Starting from the philosophical, this paper

outlines a high level perspective on "life, the universe and everything" that bridges cognitive science, theoretical physics, analytical philosophy, phenomenological philosophy and more.
In part this paper was intended as a sequel to the book

that I co-edited with Damien Broderick.   The book reviews some of the copious evidence that psi phenomena exist, but doesn't try to explain how they might work.   The Euryphysics paper tries to outline a world-model within which a rational yet non-reductive explanation of psi might be constructed -- by constructing a very broad world-model going beyond traditional categories such as physical mental and cultural reality.

"Euryphysics" means "the wider world" -- a core concept is that there is a broader domain of existence of which our 4D spacetime continuum and our individual minds are just small parts.   The regularities governing this broader domain are not entirely "physics-like" (evolution described by concise sets of differential equations) and may be more "mind-like" in some sense.   Aspects of "consciousness" may be best considerable at the level of euryphysics rather than physics or individual psychology.
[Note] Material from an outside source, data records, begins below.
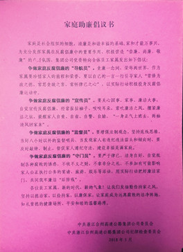 為充分發(fā)揮員工家庭成員在黨風(fēng)廉政建設(shè)中監(jiān)督預(yù)防的特殊作用,根據(jù)集團“廉政教育月”活動要求,5月30日,監(jiān)察室向全體員工發(fā)放了一封以“傳承好家風(fēng),共建廉之家”為內(nèi)容的《家庭助廉倡議書》,讓廉潔文化走進家庭,成為家庭美德,更好地發(fā)揮家庭成員在廉政建設(shè)中的特色作用。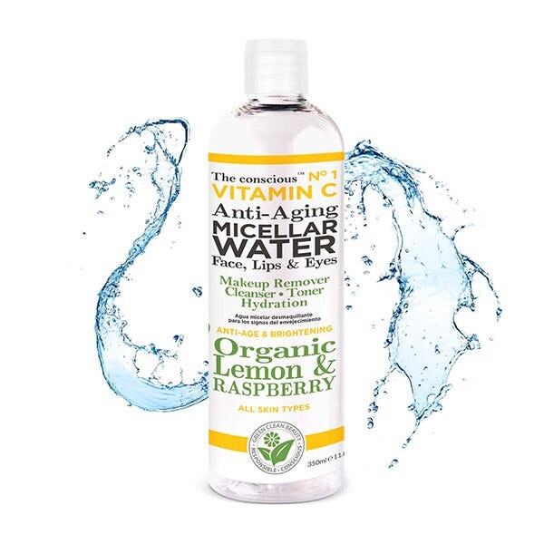 Сознательная Антивозрастная мицеллярная очищающая вода с антивозрастным витамином С, органическим лимоном и листьями малины мягко удаляет все следы макияжа, очищает, тонизирует и увлажняет > сильный>, чтобы ваша от природы мягкая, яркая и сияющая кожа снова появилась на поверхность.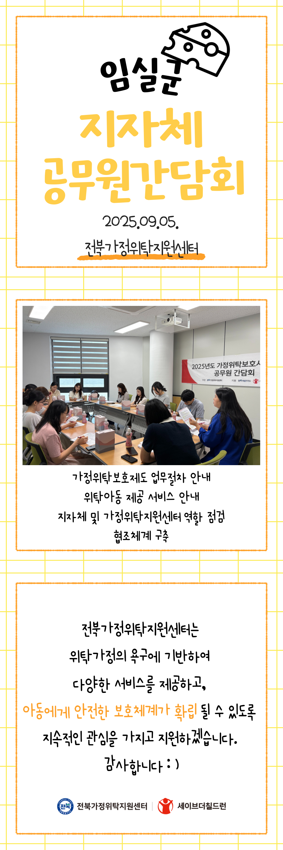 ¾È³çÇϼ¼¿ä. ÀüºÏ°¡Á¤À§Å¹Áö¿ø¼¾ÅÍÀÔ´Ï´Ù :) Áö³ 9¿ù 5ÀÏ, ÀӽDZº ÁöÀÚü °ø¹«¿ø°£´ãȸ¸¦ ÁøÇàÇÏ¿´½À´Ï´Ù. *°£´ãȸ ³»¿ë* °¡Á¤À§Å¹º¸È£Á¦µµ ¾÷¹«ÀýÂ÷ ¾È³» À§Å¹¾Æµ¿ Á¦°ø ¼ºñ½º ¾È³» ÁöÀÚü ¹× °¡Á¤À§Å¹Áö¿ø¼¾ÅÍ ¿ªÇÒ Á¡°Ë ÇùÁ¶Ã¼°è ±¸Ãà °£´ãȸ¸¦ ÅëÇØ °¡Á¤À§Å¹º¸È£Á¦µµ ¹× º¸È£ÀýÂ÷, ¼ºñ½º¿¡ ´ëÇÑ ÀÌÇØ¸¦ ³ôÀ̰í ÁöÀÚüº° È¿À²ÀûÀÎ ¾÷¹«Ã³¸®¸¦ À§ÇÑ Çù·Âü°è¸¦ ±¸ÃàÇÏ´Â ½Ã°£À» °¡Á³½À´Ï´Ù.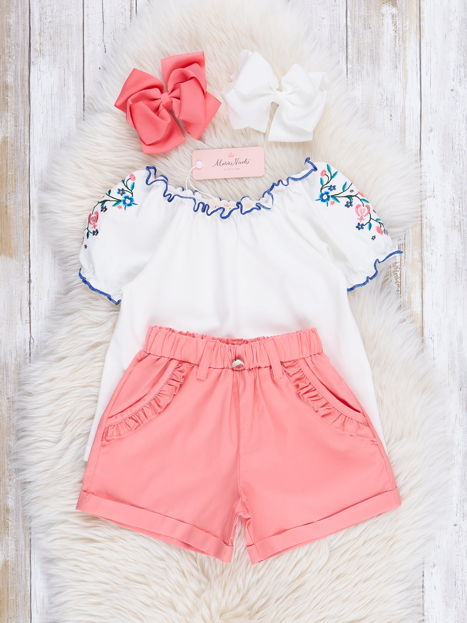 Make a statement with this playful Coral Embroidered Florals Shorts Outfit! Featuring intricately embroidered florals on the top and coral shorts, this outfit is perfect for any occasion. Show off your unique and fun style with this trendy ensemble.

But how to build a theory of the Eurycosm?   (Among other things, this could be -- a theory explaining interesting details about how mind and physical reality create each other.)

Let's start with elementary observations.   The most elementary sort of observation is a distinction -- just an act of distinguishing some stuff from some other stuff.  (Yes, I had some influence from G. Spencer Brown and his friend Lou Kauffmann.)    This paper

introduces a theory of "distinction graphs" -- in which a link is drawn between two observations, relative to a given observer, the observer cannot distinguish them (while it's not clarified in the paper, basically an "observation" can be considered as "something that can be distinguished").   Graphtropy is introduced as an extension of logical entropy from partitions to distinction graphs, along with extensions like probabilistic and quantum distinction graphs.   An analogue of the maximum entropy principle for distinction graphs is suggested.

Graphtropy gives a broad view of surprisingness, which has  many values including giving a foundation for notions of time.   As suggested in the Euryphysics paper, local time flow may be interpreted in terms of surprisingness gradients, and global time axes via stitching together compatible local time flows.

Among the various tools that can be useful for analyzing distinction graphs and associated structures is the notion of simplicity vs. complexity.   This paper

attempts an axiomatic characterization of "what is simplicity"?   Conventional simplicity measures like minimal program length emerge as a special case.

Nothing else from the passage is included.